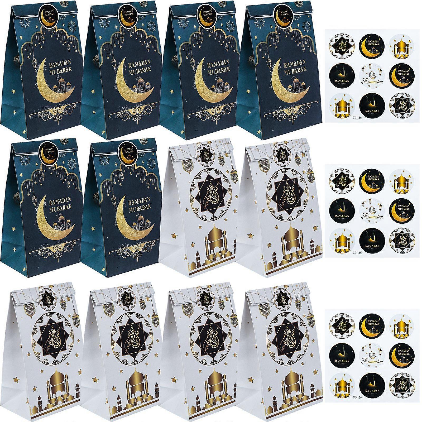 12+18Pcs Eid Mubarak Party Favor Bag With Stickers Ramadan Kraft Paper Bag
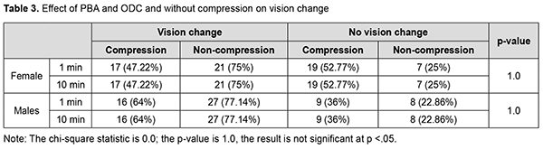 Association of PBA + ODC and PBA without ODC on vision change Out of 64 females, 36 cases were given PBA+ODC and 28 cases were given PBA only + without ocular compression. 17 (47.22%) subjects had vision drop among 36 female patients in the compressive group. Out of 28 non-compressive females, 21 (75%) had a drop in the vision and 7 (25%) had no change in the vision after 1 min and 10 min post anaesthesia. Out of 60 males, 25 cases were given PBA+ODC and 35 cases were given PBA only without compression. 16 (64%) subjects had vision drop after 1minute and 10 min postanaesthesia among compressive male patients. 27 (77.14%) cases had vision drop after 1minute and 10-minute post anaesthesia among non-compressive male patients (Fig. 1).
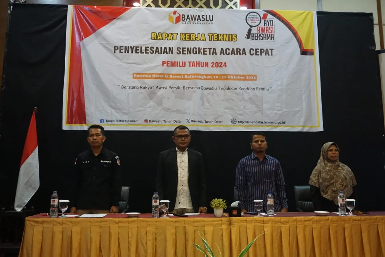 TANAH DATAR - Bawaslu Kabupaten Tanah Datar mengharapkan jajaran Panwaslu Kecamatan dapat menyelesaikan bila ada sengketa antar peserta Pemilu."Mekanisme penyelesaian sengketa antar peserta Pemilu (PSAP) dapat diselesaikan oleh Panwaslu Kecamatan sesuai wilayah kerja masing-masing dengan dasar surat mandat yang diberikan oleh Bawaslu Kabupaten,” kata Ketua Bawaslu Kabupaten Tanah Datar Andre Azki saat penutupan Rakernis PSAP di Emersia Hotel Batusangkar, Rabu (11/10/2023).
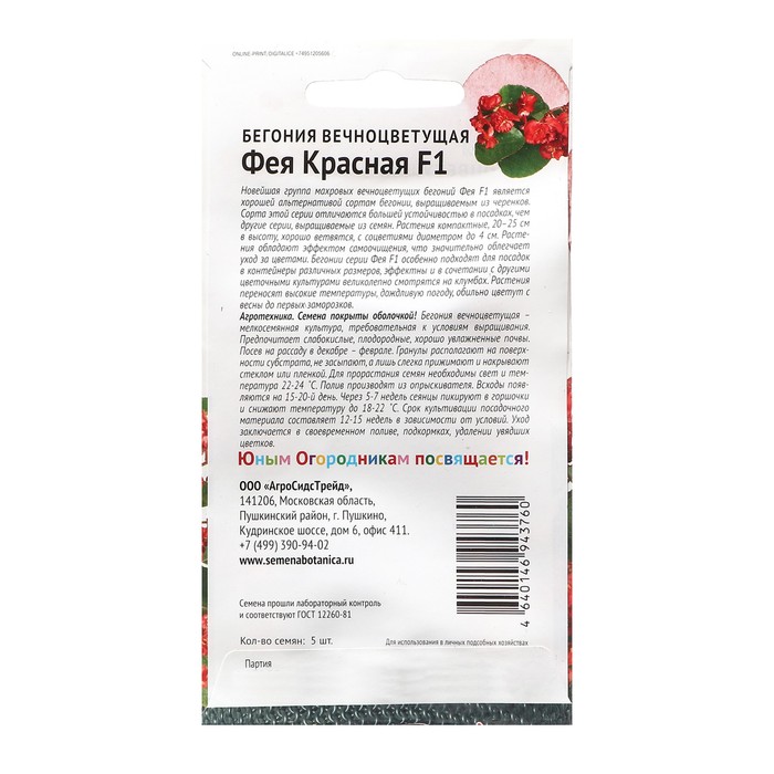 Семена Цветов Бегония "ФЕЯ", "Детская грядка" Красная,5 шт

**What to produce:** Lines from the start of the material through the line containing "Association of PBA" are to be restated word for word; no picture may be included.

**Solution:**
 12+18Pcs Eid Mubarak Party Favor Bag With Stickers Ramadan Kraft Paper Bag
 Association of PBA + ODC and PBA without ODC on vision change Out of 64 females, 36 cases were given PBA+ODC and 28 cases were given PBA only + without ocular compression. 17 (47.22%) subjects had vision drop among 36 female patients in the compressive group. Out of 28 non-compressive females, 21 (75%) had a drop in the vision and 7 (25%) had no change in the vision after 1 min and 10 min post anaesthesia. Out of 60 males, 25 cases were given PBA+ODC and 35 cases were given PBA only without compression. 16 (64%) subjects had vision drop after 1minute and 10 min postanaesthesia among compressive male patients. 27 (77.14%) cases had vision drop after 1minute and 10-minute post anaesthesia among non-compressive male patients (Fig. 1).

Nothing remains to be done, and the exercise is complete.